**To do**:
Only the lines below from the one that contains "cassette toilet and handbasin. Beyond" through the one that contains "An elegant wedding" should appear in your answer, exact and without pictures.

**Data**:
┌──
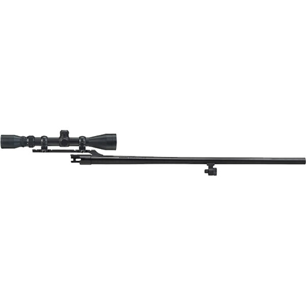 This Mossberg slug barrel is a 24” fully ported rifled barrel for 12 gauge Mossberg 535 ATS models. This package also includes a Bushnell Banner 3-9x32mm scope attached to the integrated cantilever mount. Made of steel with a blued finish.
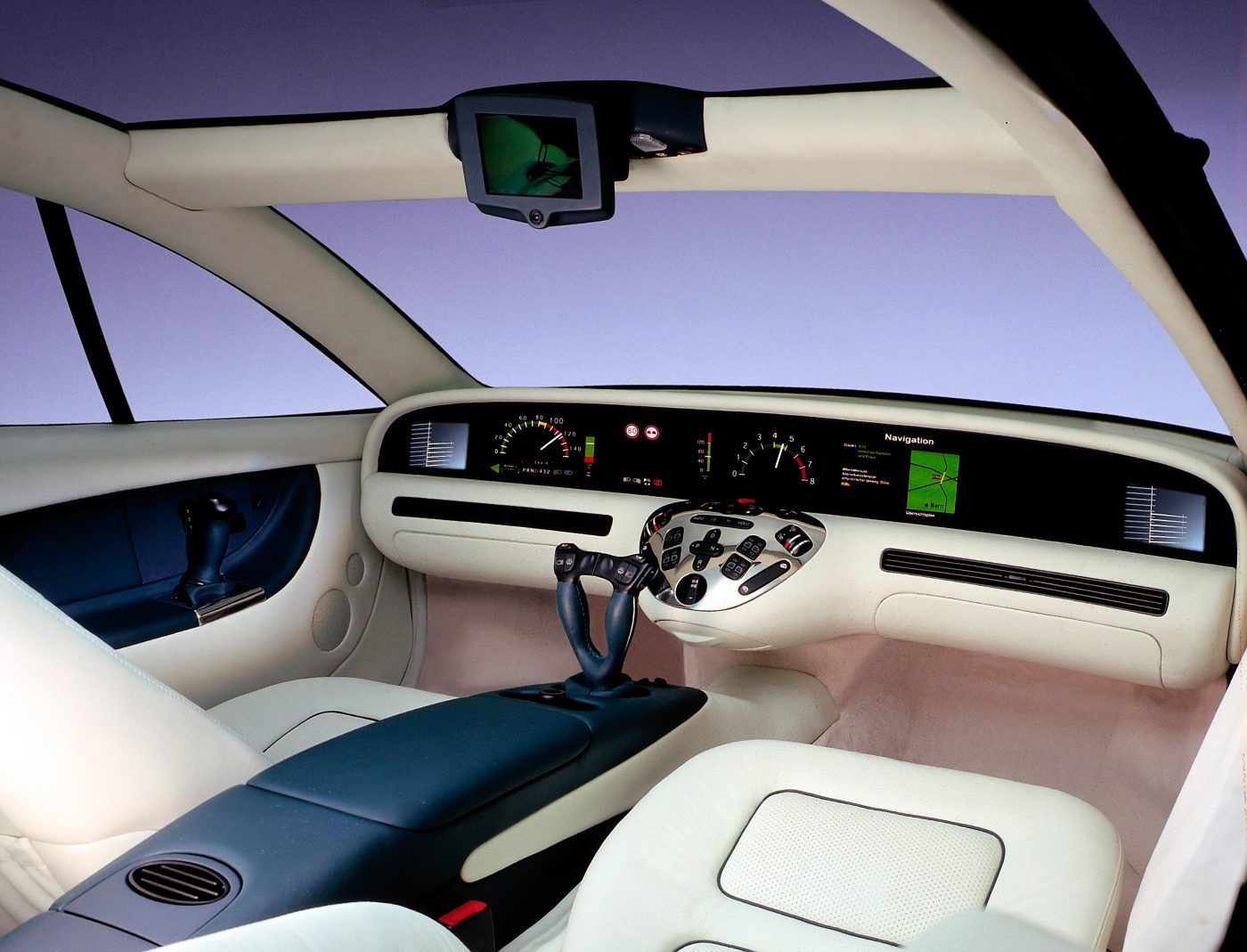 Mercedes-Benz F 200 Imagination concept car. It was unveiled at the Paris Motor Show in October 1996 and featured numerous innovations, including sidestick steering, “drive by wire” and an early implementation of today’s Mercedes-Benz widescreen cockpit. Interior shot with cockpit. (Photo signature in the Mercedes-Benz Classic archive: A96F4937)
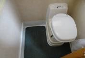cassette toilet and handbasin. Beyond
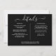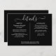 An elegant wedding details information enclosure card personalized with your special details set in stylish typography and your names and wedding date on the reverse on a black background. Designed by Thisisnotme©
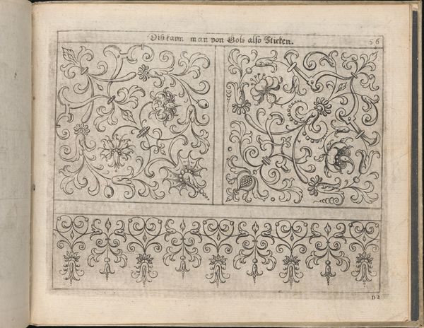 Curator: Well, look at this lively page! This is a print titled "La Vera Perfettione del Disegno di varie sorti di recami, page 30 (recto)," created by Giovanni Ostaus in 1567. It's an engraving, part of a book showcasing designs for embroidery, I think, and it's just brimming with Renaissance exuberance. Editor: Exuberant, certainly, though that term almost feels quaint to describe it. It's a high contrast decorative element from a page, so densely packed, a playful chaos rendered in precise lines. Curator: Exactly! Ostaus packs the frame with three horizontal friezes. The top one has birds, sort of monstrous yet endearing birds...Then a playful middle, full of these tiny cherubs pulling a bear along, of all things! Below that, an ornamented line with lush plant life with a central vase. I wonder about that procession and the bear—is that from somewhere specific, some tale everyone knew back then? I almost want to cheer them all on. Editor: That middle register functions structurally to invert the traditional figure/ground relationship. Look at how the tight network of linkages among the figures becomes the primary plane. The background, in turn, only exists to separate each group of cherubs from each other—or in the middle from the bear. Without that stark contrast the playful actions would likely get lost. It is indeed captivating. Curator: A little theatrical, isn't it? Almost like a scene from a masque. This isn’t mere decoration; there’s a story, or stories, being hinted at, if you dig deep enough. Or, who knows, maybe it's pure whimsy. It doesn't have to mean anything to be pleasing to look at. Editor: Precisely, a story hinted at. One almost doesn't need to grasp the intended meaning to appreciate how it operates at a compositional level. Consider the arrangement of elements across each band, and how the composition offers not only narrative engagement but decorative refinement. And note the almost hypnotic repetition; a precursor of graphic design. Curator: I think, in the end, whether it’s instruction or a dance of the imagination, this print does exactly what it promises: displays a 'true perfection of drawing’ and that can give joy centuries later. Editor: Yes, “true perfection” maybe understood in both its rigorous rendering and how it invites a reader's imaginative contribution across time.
└──
**Answer to this exercise**:
cassette toilet and handbasin. Beyond
 An elegant wedding details information enclosure card personalized with your special details set in stylish typography and your names and wedding date on the reverse on a black background. Designed by Thisisnotme©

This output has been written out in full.